In this blog post, we will cover various data extraction methods, including machine learning models, contour detection, and rule-based methods. We will explore the use of machine learning for extracting data from graph images, examine the role of contour detection and rule-based techniques in data extraction, provide a step-by-step guide to our winning solution, and showcase the effectiveness of our solution with various graph examples.

Join us as we delve into the OCR Challenge and the transformative potential of these data extraction solutions.

Approach

Several different approaches can be used for graph data extraction from images, each with its own advantages and drawbacks. Some common approaches include using machine learning models, contour detection and rule-based methods.

Machine learning models, such as LayoutLMv2, can effectively classify text in graph images and provide insights into the data.

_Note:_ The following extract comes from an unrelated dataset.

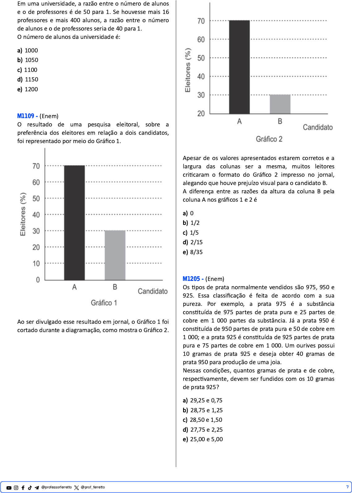 Em uma universidade, a razão entre o número de alunos e o de professores é de 50 para 1. Se houvesse mais 16 professores e mais 400 alunos, a razão entre o número de alunos e o de professores seria de 40 para 1. O número de alunos da universidade é: a) 1000 b) 1050 c) 1100 d) 1150 e) 1200 M1109 - (Enem) O resultado de uma pesquisa eleitoral, sobre a preferência dos eleitores em relação a dois candidatos, foi representado por meio do Gráfico 1. Ao ser divulgado esse resultado em jornal, o Gráfico 1 foi cortado durante a diagramação, como mostra o Gráfico 2. Apesar de os valores apresentados estarem corretos e a largura das colunas ser a mesma, muitos leitores criticaram o formato do Gráfico 2 impresso no jornal, alegando que houve prejuízo visual para o candidato B. A diferença entre as razões da altura da coluna B pela coluna A nos gráficos 1 e 2 é a) 0 b) 1/2 c) 1/5 d) 2/15 e) 8/35 M1205 - (Enem) Os tipos de prata normalmente vendidos são 975, 950 e 925. Essa classificação é feita de acordo com a sua pureza. Por exemplo, a prata 975 é a substância constituída de 975 partes de prata pura e 25 partes de cobre em 1 000 partes da substância. Já a prata 950 é constituída de 950 partes de prata pura e 50 de cobre em 1 000; e a prata 925 é constituída de 925 partes de prata pura e 75 partes de cobre em 1 000. Um ourives possui 10 gramas de prata 925 e deseja obter 40 gramas de prata 950 para produção de uma joia. Nessas condições, quantos gramas de prata e de cobre, respectivamente, devem ser fundidos com os 10 gramas de prata 925? a) 29,25 e 0,75 b) 28,75 e 1,25 c) 28,50 e 1,50 d) 27,75 e 2,25 e) 25,00 e 5,00 7@professorferretto @prof_ferretto M0654 - (Professor Ferretto) Em um concurso, 5/8 dos candidatos foram aprovados para a segunda fase. Entre esses candidatos, 2/5 são mulheres. Se o número de candidatos do sexo masculino, aprovados para a segunda fase, é igual a 12.000, o número total de candidatos do concurso é igual a: a) 34000 b) 32000 c) 30000 d) 28000 e) 26000 M1943 - (Enem PPL) O presidente de uma empresa, com o objetivo de renovar sua frota de automóveis, solicitou uma pesquisa medindo o consumo de combustível de 5 modelos de carro que usam o mesmo tipo de combustível. O resultado foi: - Carro I: deslocamento de 195 km consumindo 20 litros de combustível; - Carro II: deslocamento de 96 km consumindo 12 litros de combustível; - Carro III: deslocamento de 145 km consumindo 16 litros de combustível; - Carro IV: deslocamento de 225 km consumindo 24 litros de combustível; - Carro V: deslocamento de 65 km consumindo 8 litros de combustível. Para renovar a frota com o modelo mais econômico, em relação à razão quilômetro rodado por litro, devem ser comprados carros do modelo a) I b) II c) III d) IV e) V M0149 - (Enem) Luíza decidiu pintar seus cabelos e os de sua mãe usando as cores B e C em ambas as tinturas. A cor B é a que tinge os cabelos brancos e a cor C dá um tom mais claro durante a exposição à luz. Luíza sabe que, em cabelos com muitos fios brancos, como os de sua mãe, a proporção entre as cores C e B é de 1 para 3. Para ela, que tem poucos fios brancos, a proporção a ser aplicada é de 3 partes da cor C para 1 parte da cor B. Além disso, como sua mãe tem cabelos curtos, basta a aplicação de 60 gramas de tintura; já para seus longos cabelos, serão necessários 120 gramas. De acordo com a situação descrita, a quantidade, em gramas, da tintura da cor B que Luíza deve adquirir para pintar os seus cabelos e os de sua mãe é a) 60. b) 75. c) 90. d) 105. e) 180. M0181 - (Unicamp) A tabela abaixo informa alguns valores nutricionais para a mesma quantidade de dois alimentos, A e B. Considere duas porções isocalóricas (de mesmo valor energético) dos alimentos A e B. A razão entre a quantidade de proteína em A e a quantidade de proteína em B é igual a a) 4 b) 6 c) 8 d) 10 M0169 - (Uftm) Como combustível, o etanol de cana-de-açúcar e o etanol de milho têm qualidades iguais. O grande diferencial entre eles é a produtividade. Sabe-se que 1 hectare de cana-de-açúcar produz 7 500 litros de etanol, enquanto 1 hectare de milho produz apenas 3 000 litros. Uma região específica da usina tem x hectares plantados, divididos entre cana e milho, de forma diretamente proporcional à produtividade de cada cultura. Considerando que 1 ha = 10 000 m2 e que ao plantio do milho couberam 400 hectares, a área total, em m², dessa região específica pode ser corretamente expressa por a) 1,2 x 106. b) 1,3 x 106. c) 1,4 x 107. d) 1,4 x 108. e) 1,6 x 108. M1698 - (Enem) 8@professorferretto @prof_ferretto Definem-se o dia e o ano de um planeta de um sistema solar como sendo, respectivamente, o tempo que o planeta leva para dar 1 volta completa em torno de seu próprio eixo de rotação e o tempo para dar 1 volta completa em tomo de seu Sol. Suponha que exista um planeta Z, em algum sistema solar, onde um dia corresponda a 73 dias terrestres e que 2 de seus anos correspondam a 1 ano terrestre. Considere que 1 ano terrestre tem 365 de seus dias. No planeta Z, seu ano corresponderia a quantos de seus dias? a) 2,5 b) 10,0 c) 730,0 d) 13.322,5 e) 53.290,0 M1953 - (Enem PPL) Em um jogo de tabuleiro, a pontuação é marcada com fichas coloridas. Cada ficha vermelha vale um ponto. Três fichas vermelhas podem ser trocadas por uma azul, três fichas azuis podem ser trocadas por uma branca, e três fichas brancas podem ser trocadas por uma verde. Ao final do jogo, os jogadores A, B e C terminaram, cada um, com as quantidades de fichas, conforme a tabela seguinte: De acordo com essa tabela, as classificações em primeiro, segundo e terceiro lugares ficaram, respectivamente, para os jogadores a) A, B e C. b) B, A e C. c) C, B e A. d) B, C e A. e) C, A e B. M0720 - (Professor Ferretto) Daniel e Roberta desejam viajar e foram a uma casa de câmbio. Foram informados que com os 3.060 reais de que dispunha, Daniel poderia comprar 1

However, these models require pre-training and fine-tuning, and may not be effective for all types of graphs.

now, let us see the pros and cons of machine learning models in our use case

pros

  1. Improved accuracy: By automating the process of classifying text in graph images, the LayoutLMv2 model can help to improve the accuracy of the analysis compared to manual classification methods.

  2. Time-saving: The model can analyze graph images faster than humans, reducing the time required for data analysis.

  3. Scalability: The model can be easily scaled to analyze large datasets, making it ideal for applications that involve processing a large volume of graphical data.

  4. Consistency: The model can provide consistent results across multiple images and datasets, eliminating the potential for human error and bias.

cons

  1. Fine-tuning required: Fine-tuning the model on specific datasets may require additional resources and time.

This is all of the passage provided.